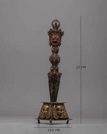 The Sacred Phurba Ritual Dagger is a stunning ceremonial artifact made of brass with an oxidized finish and resting on an artistically carved iron base. This Phurba, measuring 32 cm tall and 13.5 cm wide and weighing 1.50 kg, represents both strength and divine artistry. Its sturdy materials and antique polish emphasize its spiritual significance, making it an important component in traditional Vajrayana Buddhist ceremonies for eliminating negativity and invoking protection.
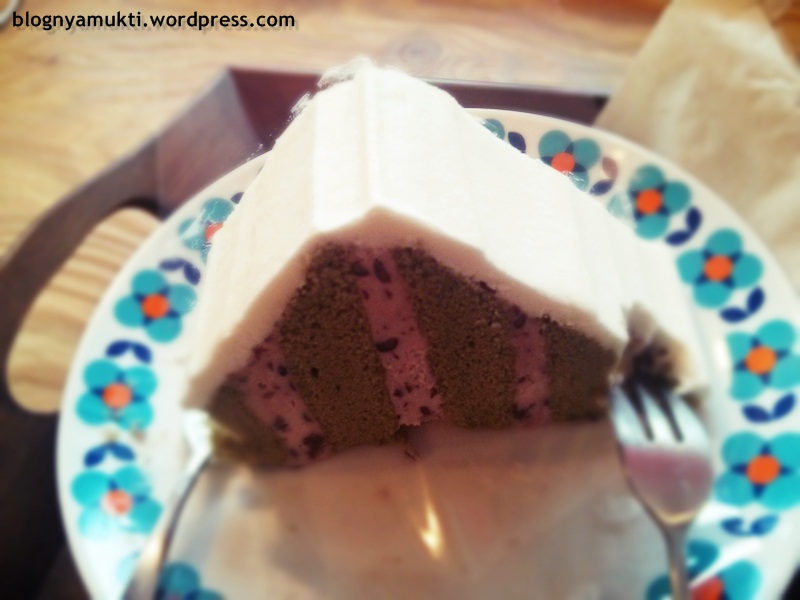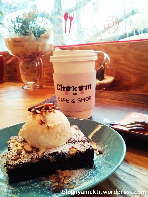 The cafe called Chokom Cafe & Shop. It’s located near Kyunghee University. When I went there, Yoseob’s mom was at the café too. Whoaa! I ordered triangle green tea cake and my friend ordered choco brownies. The price is around 5000 KRW, not so different from other cafes here. And the cake tastes good, too.
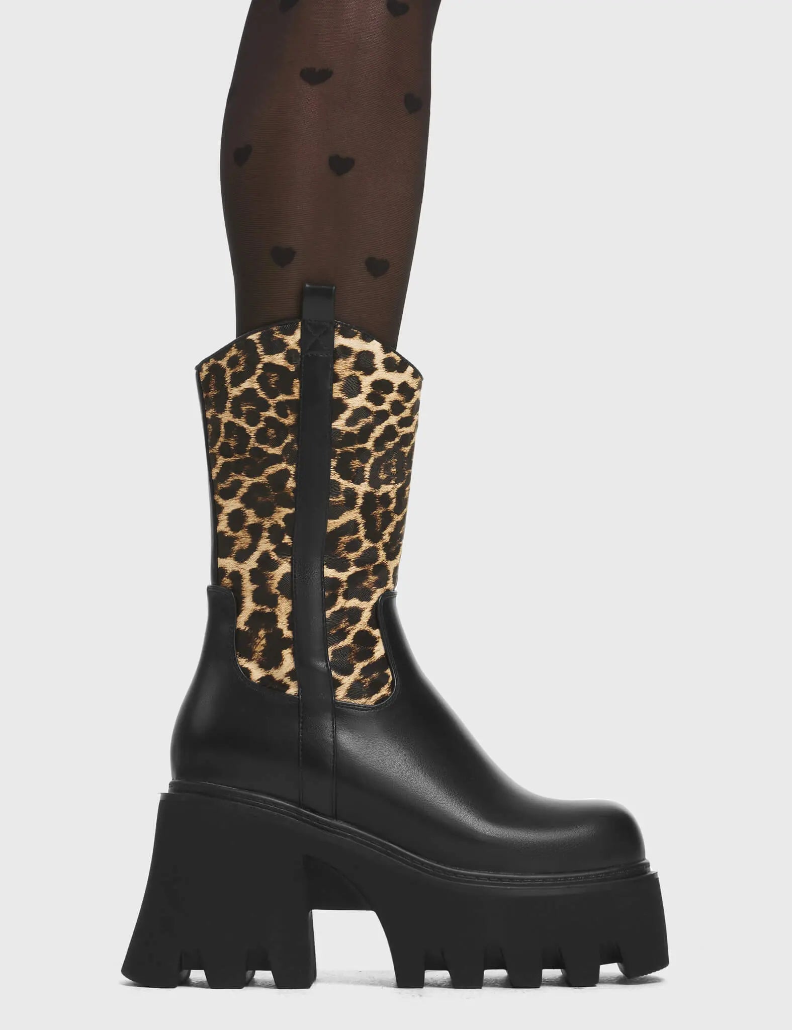 Virtuous Chunky Platform Ankle Boots in Black and Leopard faux leather. These vegan platform boots feature a western-style upper on a chunky platform heel, with easy pull-on tabs at the top of the boot. Made with eco-friendly materials and 100% cruelty-free!

• EXERCISE INSTRUCTIONS: Without changing a single word, set down all of the material again and leave out its pictures.

• RESULT:
 The Sacred Phurba Ritual Dagger is a stunning ceremonial artifact made of brass with an oxidized finish and resting on an artistically carved iron base. This Phurba, measuring 32 cm tall and 13.5 cm wide and weighing 1.50 kg, represents both strength and divine artistry. Its sturdy materials and antique polish emphasize its spiritual significance, making it an important component in traditional Vajrayana Buddhist ceremonies for eliminating negativity and invoking protection.
 The cafe called Chokom Cafe & Shop. It’s located near Kyunghee University. When I went there, Yoseob’s mom was at the café too. Whoaa! I ordered triangle green tea cake and my friend ordered choco brownies. The price is around 5000 KRW, not so different from other cafes here. And the cake tastes good, too.
 Virtuous Chunky Platform Ankle Boots in Black and Leopard faux leather. These vegan platform boots feature a western-style upper on a chunky platform heel, with easy pull-on tabs at the top of the boot. Made with eco-friendly materials and 100% cruelty-free!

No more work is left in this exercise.